We know it's IBM and AMD.
We know the stuffs are in the oven/foundry.
AMD best up coming parts only includes Southern Island. I would be impressed if AMD would give GCN for somebody to integrate in their SoC and not integrating it themselves especially as APU are critical to their strategies.
AMD is also in better shape than it was last gen, it has implications in $ imho when it comes to licensing costs or willingness to license one last technology especially when previous IP still offer more bang for bucks than competition.
Etc.
If it's about stating whatever one disregarding or rejecting (which is imho in cases at hand close to trolling) any argument without motive and then looping on the same talk is not exactly a fair way to discuss.

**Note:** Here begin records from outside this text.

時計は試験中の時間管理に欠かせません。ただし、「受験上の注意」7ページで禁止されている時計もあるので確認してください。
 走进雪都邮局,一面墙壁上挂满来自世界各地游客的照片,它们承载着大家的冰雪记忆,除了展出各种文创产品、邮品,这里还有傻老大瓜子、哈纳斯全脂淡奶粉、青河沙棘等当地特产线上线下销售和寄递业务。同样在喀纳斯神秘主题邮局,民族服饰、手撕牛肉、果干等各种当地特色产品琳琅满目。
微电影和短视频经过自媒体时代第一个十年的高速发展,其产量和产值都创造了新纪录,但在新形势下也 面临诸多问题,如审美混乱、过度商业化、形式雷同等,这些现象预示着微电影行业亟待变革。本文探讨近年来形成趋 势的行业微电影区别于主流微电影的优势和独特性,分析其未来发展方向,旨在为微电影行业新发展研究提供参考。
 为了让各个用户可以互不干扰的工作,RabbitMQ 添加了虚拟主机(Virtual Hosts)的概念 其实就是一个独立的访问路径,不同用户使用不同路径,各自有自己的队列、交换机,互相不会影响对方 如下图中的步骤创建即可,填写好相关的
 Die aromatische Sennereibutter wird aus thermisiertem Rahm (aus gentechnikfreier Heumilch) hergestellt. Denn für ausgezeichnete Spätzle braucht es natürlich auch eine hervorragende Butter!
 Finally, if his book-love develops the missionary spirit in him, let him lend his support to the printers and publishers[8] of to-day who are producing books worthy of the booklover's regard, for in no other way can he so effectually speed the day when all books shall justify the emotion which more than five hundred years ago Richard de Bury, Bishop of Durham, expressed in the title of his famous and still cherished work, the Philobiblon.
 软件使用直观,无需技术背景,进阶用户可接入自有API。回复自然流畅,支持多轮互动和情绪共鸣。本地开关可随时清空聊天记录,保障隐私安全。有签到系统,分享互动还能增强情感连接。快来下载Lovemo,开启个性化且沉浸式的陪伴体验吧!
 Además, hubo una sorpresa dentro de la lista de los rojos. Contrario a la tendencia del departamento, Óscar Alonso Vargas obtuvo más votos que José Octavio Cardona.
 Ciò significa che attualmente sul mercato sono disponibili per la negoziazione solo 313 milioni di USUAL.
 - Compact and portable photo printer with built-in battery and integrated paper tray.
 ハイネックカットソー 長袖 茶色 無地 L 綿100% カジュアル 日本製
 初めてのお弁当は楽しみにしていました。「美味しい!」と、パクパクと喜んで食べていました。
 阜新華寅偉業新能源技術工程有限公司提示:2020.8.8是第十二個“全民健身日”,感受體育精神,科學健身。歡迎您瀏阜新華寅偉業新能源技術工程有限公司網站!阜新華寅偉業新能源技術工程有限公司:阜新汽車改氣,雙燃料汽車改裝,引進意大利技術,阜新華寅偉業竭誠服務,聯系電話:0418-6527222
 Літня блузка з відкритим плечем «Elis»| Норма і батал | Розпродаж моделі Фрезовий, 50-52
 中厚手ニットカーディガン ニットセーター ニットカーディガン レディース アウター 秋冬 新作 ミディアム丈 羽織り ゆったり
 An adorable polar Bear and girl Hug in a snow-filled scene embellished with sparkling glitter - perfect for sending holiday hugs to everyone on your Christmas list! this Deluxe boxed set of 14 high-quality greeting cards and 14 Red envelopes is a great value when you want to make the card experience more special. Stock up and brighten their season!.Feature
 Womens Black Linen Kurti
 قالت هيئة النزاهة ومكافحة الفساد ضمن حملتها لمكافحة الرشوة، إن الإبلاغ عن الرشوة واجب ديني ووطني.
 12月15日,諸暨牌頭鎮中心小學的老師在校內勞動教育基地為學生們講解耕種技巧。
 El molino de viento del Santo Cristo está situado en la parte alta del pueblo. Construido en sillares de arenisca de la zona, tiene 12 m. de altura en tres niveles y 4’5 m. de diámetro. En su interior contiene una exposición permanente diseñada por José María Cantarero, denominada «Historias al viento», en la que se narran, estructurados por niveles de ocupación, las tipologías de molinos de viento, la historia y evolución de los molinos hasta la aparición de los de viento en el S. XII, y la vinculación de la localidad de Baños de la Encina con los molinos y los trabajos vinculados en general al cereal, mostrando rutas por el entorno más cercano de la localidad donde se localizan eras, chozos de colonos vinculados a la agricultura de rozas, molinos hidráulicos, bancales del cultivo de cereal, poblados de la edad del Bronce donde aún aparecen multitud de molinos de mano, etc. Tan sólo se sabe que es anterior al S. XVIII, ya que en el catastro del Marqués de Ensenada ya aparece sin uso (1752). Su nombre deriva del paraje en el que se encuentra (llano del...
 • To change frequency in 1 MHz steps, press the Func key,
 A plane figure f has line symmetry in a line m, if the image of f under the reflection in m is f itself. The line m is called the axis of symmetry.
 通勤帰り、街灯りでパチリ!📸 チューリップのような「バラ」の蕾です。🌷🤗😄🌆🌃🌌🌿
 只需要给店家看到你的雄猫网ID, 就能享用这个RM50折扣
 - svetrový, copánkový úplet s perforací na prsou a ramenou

Clearly what will be in the next MS consoles is completely business related what can be done with whatever silicon budget is not rocket science, there are products availble using 32 nm and 28 nm lithography. There is not longer that much to discuss on a technical POV alone.
This thread should be closed and a new one should be started for MS akin to the one in the main forum for Nintendo. Business and hardware prediction is linked, either way in this form this topic is dead.
I'd also add timeframe into this linkage as well. Predicting hardware for 2012 (28nm) will be different if MS/Sony are foolish enough to wait for 2014 (22nm).